Predicting future health outcomes for patients at an individual level will allow physicians to deliver care more quickly to those who need it most while preventing future harms and improving outcomes. Artificial intelligence (AI) is transforming the medical device space with its powerful ability to learn and predict trends and patterns. In a new study published in the journal Radiology, Dr Dembrower and colleagues trained a sophisticated type of AI, called a deep neural network, to predict which women are at future risk of breast cancer.

Breast cancer is the most frequent cancer in women and is the leading cause of female cancer-related deaths worldwide. In 2018, approximately 18 million new breast cases were reported globally. Breast screening aims to find breast cancer early using an X-ray test called a mammogram that can spot cancer when it’s too small to see or feel. Early detection of breast cancer significantly improves the chances of surviving it.

Screening for breast cancer is recommended by the American Cancer Society every year for women over the age of 45, and every two years after the age of 55. Yet, this ‘one size fits all’ approach is not optimized for cancer detection for women who are at higher risk. Risk prediction is a crucial building block towards developing individually adapted screening. Mammogram images are rich with information, such as breast density; high breast density, or a greater amount of glandular and connective tissue compared to fat, is considered a risk factor for breast cancer. Leveraging all of the information contained within an image is a complex task and one that has been the focus of many research groups.

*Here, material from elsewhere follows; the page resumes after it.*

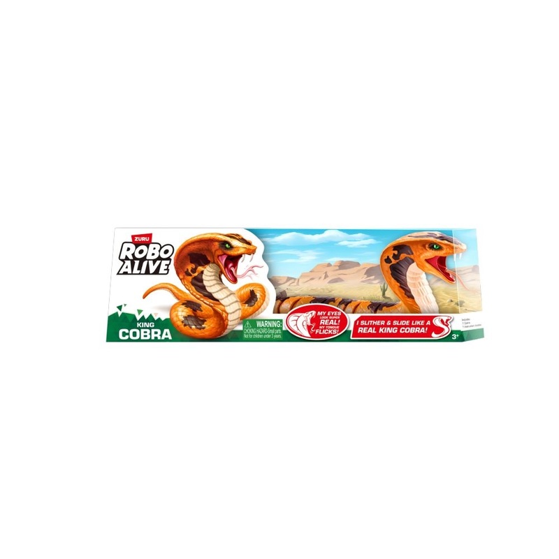 Smart Movement Technology: Robo Alive smart movement technology gives this King Cobra tongue realistic flicking movements! Watch it slithering along the floor to its prey and cross your fingers it’s not you!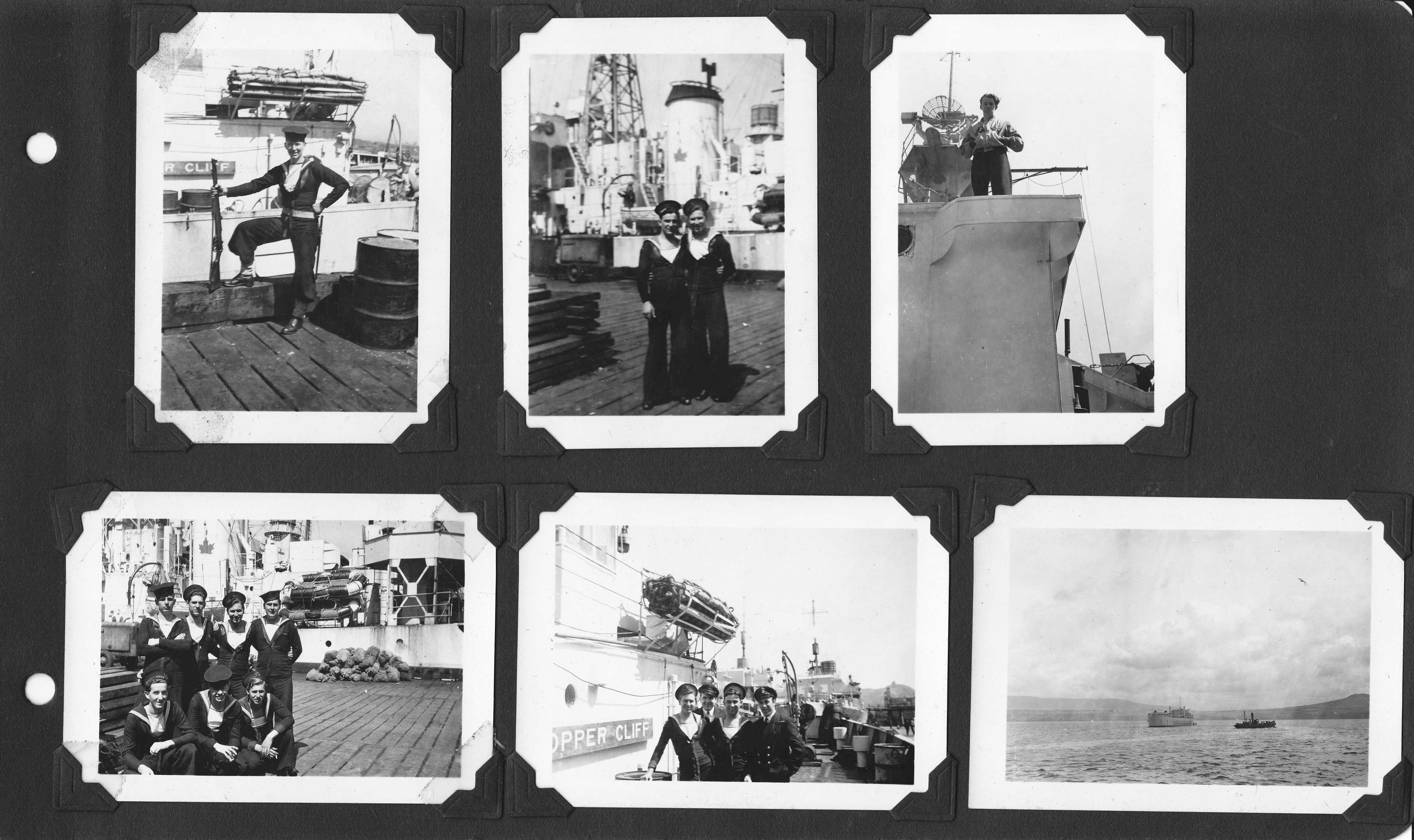 (WC21) Unidentified sailor on HMCS COPPER CLIFF (WC22) Unidentified sailors on HMCS COPPER CLIFF (WC23) Unidentified sailor on HMCS COPPER CLIFF (WC24) Sailors from HMCS COPPER CLIFF ashore - location unknown (WC25) HMCS SUSSEXVALE alongside the jetty

This study takes full advantage of all the rich information found in mammograms, which has the potential to identify women at higher risk and who would benefit from additional screening, such as with MRI. In the study, the deep neural network was developed and trained on over two million mammograms—an unprecedented size for an image data set. This deep neural network showed a higher risk association for breast cancer compared to the current best mammographic density model and did not display the same bias as the density-based model.

Currently, mammographic density is not reported, and the introduction of an individually adapted screening using a deep neural network, such as the one developed by Dr Dembrower and colleagues has, the potential to predict cancer. GlobalData anticipates a future for the role of AI in breast cancer risk assessment, which has the potential to expand the number of women who get diagnosed and to diagnose them sooner.